# inercoastal waterway



## surfmom (Nov 3, 2012)

what types of fish can you catch in the intercoastal waterway in Myrtle Beach? Im talking about by North myrtle Beach boat access to the intercoastal waterway. That is the closest boat access for us and if we are going to seriously look into a boat (Carolina skiff or any flat bottom) I need to know if it will be worth fishing close to where we live


----------



## RjTheMetalhead (Dec 3, 2011)

Catfish(mostly bigger ones) and eels are what I have caught from areas around Socastee though I have caught a few bass and bream, depending on location(towards Little River) and tides spottails and speckled trout could be caught.


----------



## surfmom (Nov 3, 2012)

where about on the waterway would salt water species start like drum ? the closest access for us would be by the new marina by hwy 22 and 17


----------



## glenn3564 (Nov 12, 2013)

I may be wrong on this but what I would do is check the DNR website for the boundary lines of what is considered "fresh water" and "salt water". I think at North Myrtle Beach
the boundary line is at the swing bridge but I am not sure. I have no idea of where the boundary line would be on the south end unless it is at Winyah Bay in Georgetown.
You really need to be careful of what you have in your boat when you are close to that boundary.


----------



## surfmom (Nov 3, 2012)

glenn3564 said:


> I may be wrong on this but what I would do is check the DNR website for the boundary lines of what is considered "fresh water" and "salt water". I think at North Myrtle Beach
> the boundary line is at the swing bridge but I am not sure. I have no idea of where the boundary line would be on the south end unless it is at Winyah Bay in Georgetown.
> You really need to be careful of what you have in your boat when you are close to that boundary.

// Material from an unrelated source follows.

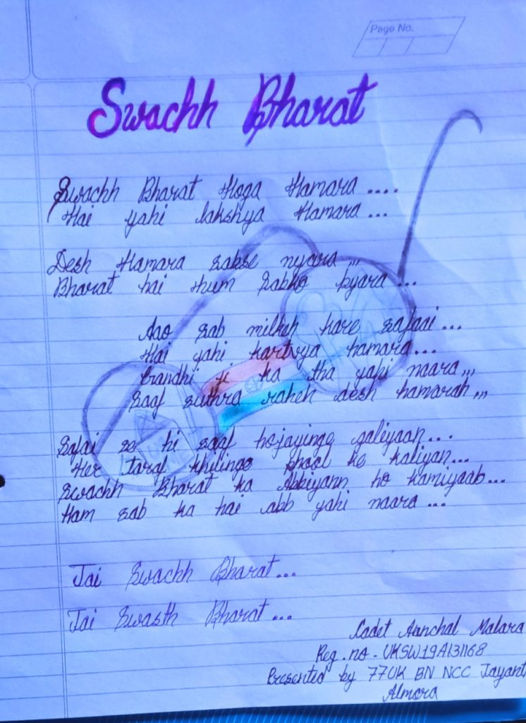 Cadet Aanchal Malara Regiment number UKSW19A131168 Presented by 77 UK BN NCC Jayanti Almora
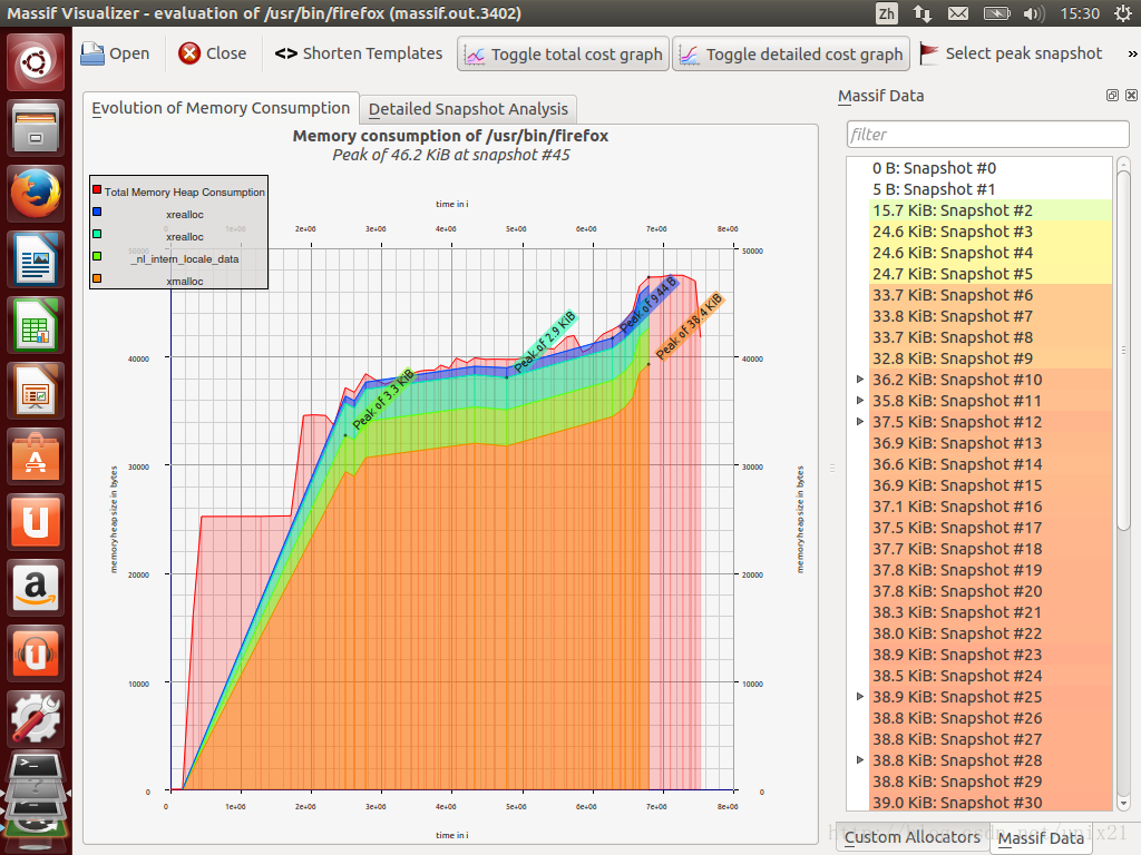在massif-visualizer下看图形化的:massif.out.4144

thanks I just looked but its still confusing lol,


----------



## fshnjoe (Sep 11, 2008)

surfmom said:


> thanks I just looked but its still confusing lol,


south line on river is route 17 bridge in georgetown
north line is route 9 bridge
between bridges fresh water license req.

By the way I fish the winter months for spot tails northside of rt17 Georgetown bridge, I launch in pawleys island @ hagleys
& run south on the river. in that area you can fish waccamaw, pee dee, blackriver
Hope this helps ya or confussed ya more!! lol


----------



## RjTheMetalhead (Dec 3, 2011)

surfmom said:


> where about on the waterway would salt water species start like drum ? the closest access for us would be by the new marina by hwy 22 and 17


It really depends on how the fish feel lol.
a co worker caught a 22 inch spot tail up the waccamaw near ccu this summer
spot tails and trout can tolerate much lower salinity than most saltwater fish.

Don't fish on boats much so I can't actually help on real starting points


----------



## bluefish1928 (Jun 9, 2007)

Apparently riverine striped bass run through that area in the winter time. From reading, casting bucktails or any other common trout lures for that matter towards bridge pilings can get them.


----------



## cutbait91 (Nov 9, 2009)

ive caught redfish in completely fresh water in Georgetown the can be anywhere! you can catch catfish trout stripers bass among others


----------